4. Perencanaan dalam pembelajaran STEM, untuk mengembangkan pembelajaran dengan
menggunakan pendekatan STEM maka hal yang pertama harus saya lakukan yaitu saya
harus merencanakan bagaimana pembelajaran yang akan saya sampaikan. Dalam hal
perencanaan ini saya akan merencanakan bahwa pembelajaran STEM ini harus
dilakukan secara kesatuan, hal ini sanagt diperlukan untuk menyiapkan siswa yang
dapat menghadapi tantangan pada abad 21 artinya dalam perencanaan ini saya harus
merencanakan bagaimana dapat mengembangkan 4C, 6L dan 6K. Selain hal tersebut
saya juga harus merencanakan mengenai model pembelajaran apa yang saya terapkan.
Karena model ini juga menadi salah satu penentu dalam keberhasilan belajar. Untuk
pembelajaran menggunakan pendekatan STEM saya akan menggunakan metode
pembelajaran PBL dan kontekstual based learning. Akan tetapi untuk meningkatkan
kefektifitasan maka saya akan menggunakan model pembelajaran kontekstual based
learning.
Dalam hal pelaksanaan maka saya akan melaksanakan pembelajaran sesuai dengan
sintaks dari pembelajaran kontekstual based learning yaitu :
- Saya akan menyuruh siswa untuk mengidentifikasi isu-sisu sosial (masalah yang
berada dilingkungan masyarakat)
- Identifikasi solusi potensial
- Mewujudkan potensial sosial (dalam hal ini yang dibutuhkan apa saja)
- Membuat keputusan yang tepat
- Mengembangkan produk
- Tes dan evaluasi produk
- Sosialisasi dalam melatih kemampuan komunikasi.

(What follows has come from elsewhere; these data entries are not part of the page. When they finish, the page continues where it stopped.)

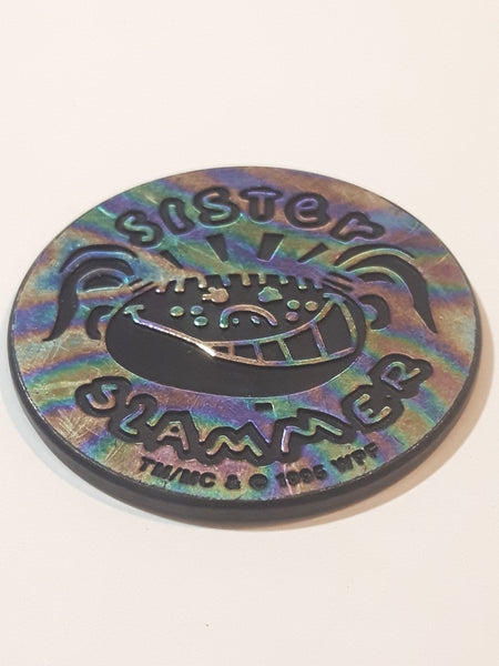 1995 WPF Pog Canada Games Sister Slammer Rainbow and Black Plastic Caps Pog Slammer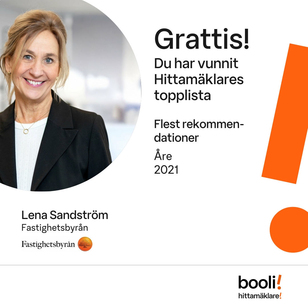 Statistik för publicerade bostäder, försäljningar och omdömen baseras på data från Booli och Hittamäklare. Statistiken för försäljningar avser inrapporterade och verifierade slutpriser från mäklare eller av Booli inhämtade och verifierade slutpriser. Statistiken för publicerade bostäder baseras på information som publicerats på Booli.se. Statistik för omdömen och rekommendationer baseras på omdömen från säljare som lämnats via Booli och Hittamäklare.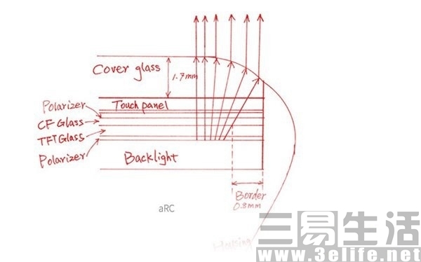 这些手机的实际边框虽然也做得很窄,但是仍然达不到无边框效果,所以为了掩盖边框,工程师们想出了一个绝妙的法子:光线折射。从下图可以看出这些手机使用的2.5D玻璃比我们常见的还要厚不少,并且边缘的弧度也更强,所以会将屏幕的边缘放大、边框缩小,这就达到了视觉上的无边框,甚至有一些曲面屏的错觉,所以在使用这些手机的时候,用户从某些角度上可以看到屏幕的像素被放大了。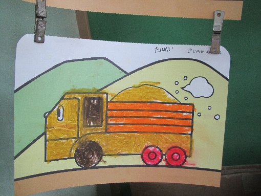 もも組さんはトラックの色塗りをしました。上手に可愛く塗れていますね。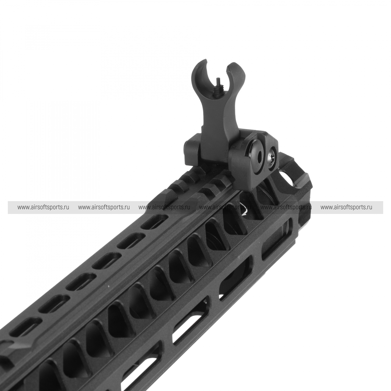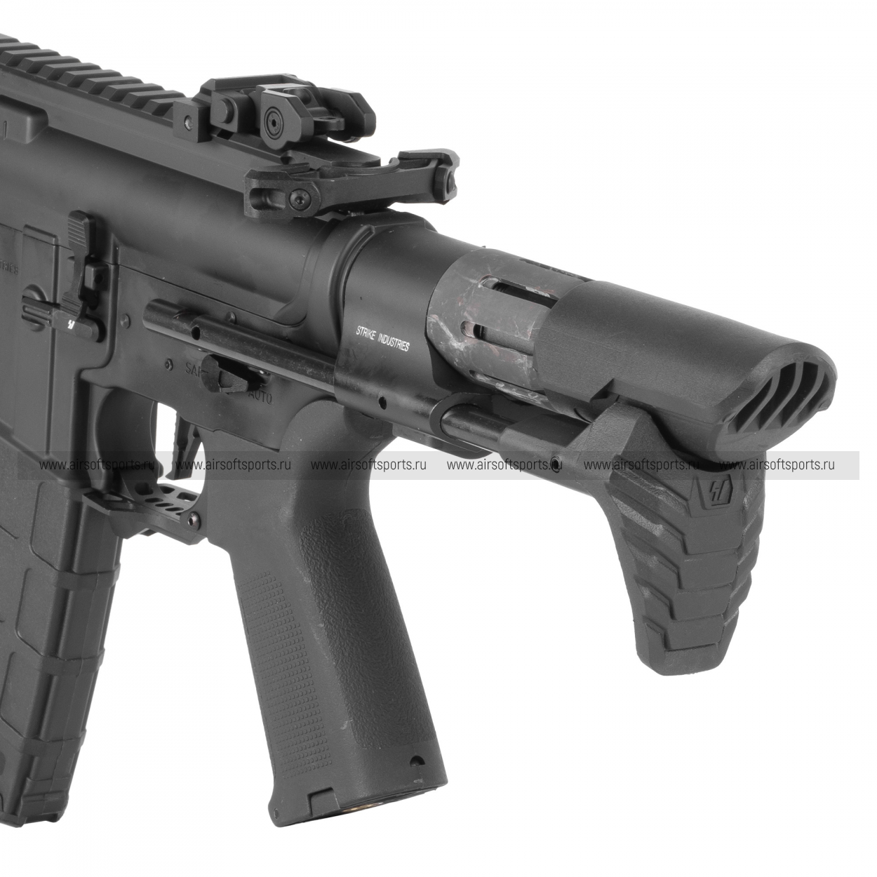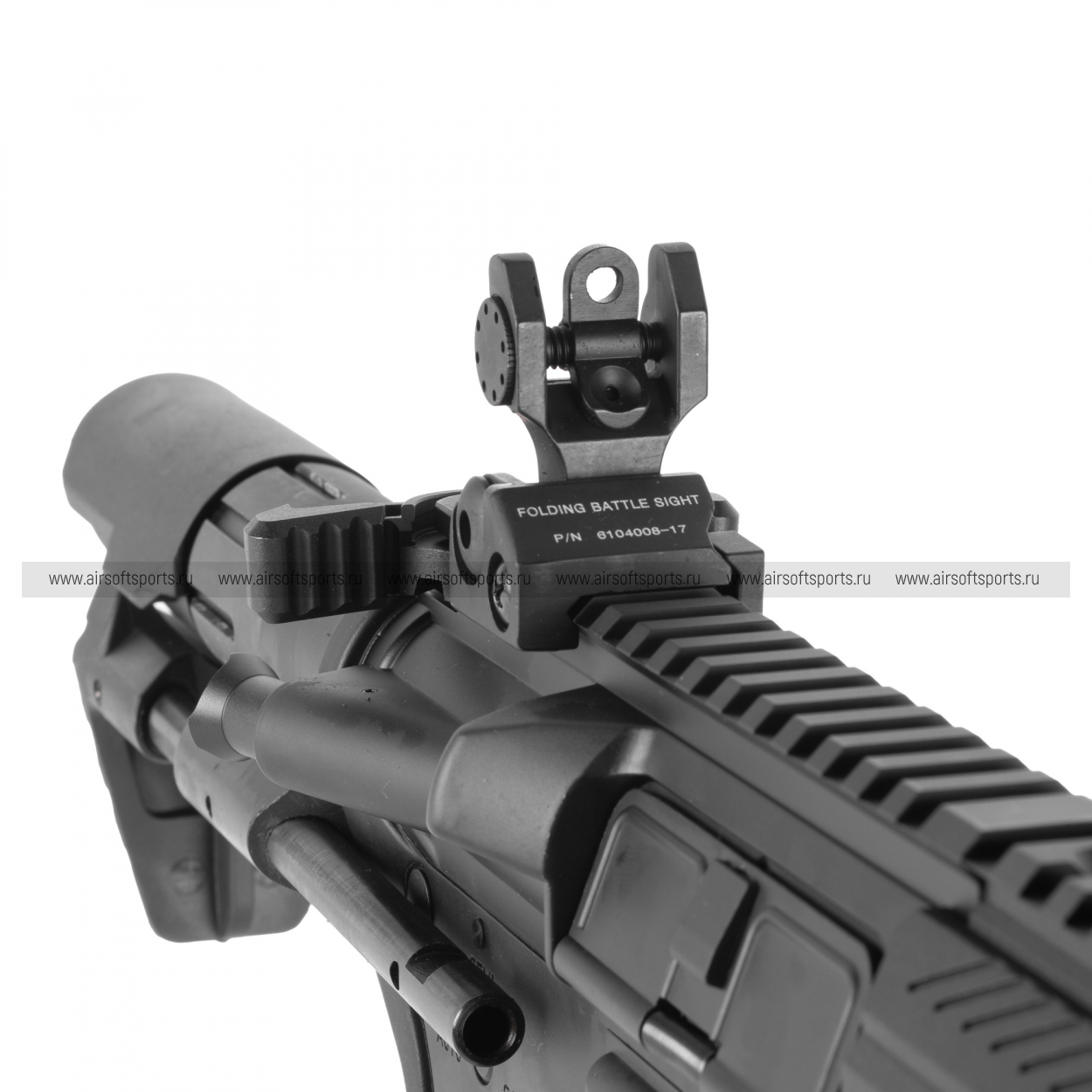 Телескопический приклад автомата выполнен в тактическом стиле, с возможностью регулировки по длине. Это позволяет настроить автомат под индивидуальные предпочтения стрелка и обеспечивает комфортное прицеливание.

Dalam melaksanakan pembelajaran ini harus melibatkan ilmu sians (natural sains
dan social sains) artinya ilmu yang dibelajarkan menggunakan pendekatan ilmiah.
Kemudian untuk teknologi yang harus difokuskan yaitu teknologi yang baru artinya
dalam halini bukan berkaitan dengan alat akan tetapi lebih mempertimbangkan fungsi.

Dalam mengavaluasi pembelajaran STEM ini saya dapat memberikan tes kepada
siswa dengan cara memberikan sebuah permasahan yang mana siswa harus membuat
solusi, yang mana dalam solusi tersebut disiplin ilmu apa saja yang harus
dipertimbangkan, serta siswa juga harus memperhatikan five kapitals dalam solusi yang
mereka rancang. akan tetapi dalam pembelajaran untuk sisw SMA maka hanya dengan
tingkt potensial saja tidak smpai dengan membuat produk.

5. Hal yang perlu ditingkatkan dalam sekolah untuk membelajarkan pembelajaran STEM
yaitu segala hal yang dapat mendukung pembelajaran. Seperti sarana dan prasarana,
dalam hal ini sarpras harus dapat menunjang sistem pembelajaran Stem yang ada
disekolah karena hal ini sangat penting untuk mengembangkan kemampuan berfikir
siswa, literasi dan juga keterampilan siswa. Selain dalam hal sarana dan prasarana
kemampuan guru dala memanajemen pembelajaran, mengembangkan kemampuan
siswa juga perlu ditingkatkan. Guru harus dapat memotivasi siswa agar siswa dapat
mencapai tujuan pembelajara sesuai dengan tunttutan yang ada.
6. Dalam mengembangkan pembelajaran STEM ditingkat perguruan tinggi harus
disesuaikan dengan kurikulum, seperti dengan menggunakan kurikulum based learning
(kurikulum berbasis kehidupan). Selain itu untuk pengertian STEM sendiri juga penting
diajarkan dalm pembelajaran karena hal ini masih tabuh dalam kalangan mahasiswa.
Selain itu dosen juga dapat memberikan contok (modeling) pembelajaran dengan
menggunakan pendekatan STEM. Setelah itu mahasiswa juga ditugaskan untuk
membuat rancangan pembelajaran dengan menggunakan pendekatan STEM. Haln ini
diperlukan agar mahasiswa lebih mendalami tentang makna STEM, cara mengajarkan
dan juga perencanaan.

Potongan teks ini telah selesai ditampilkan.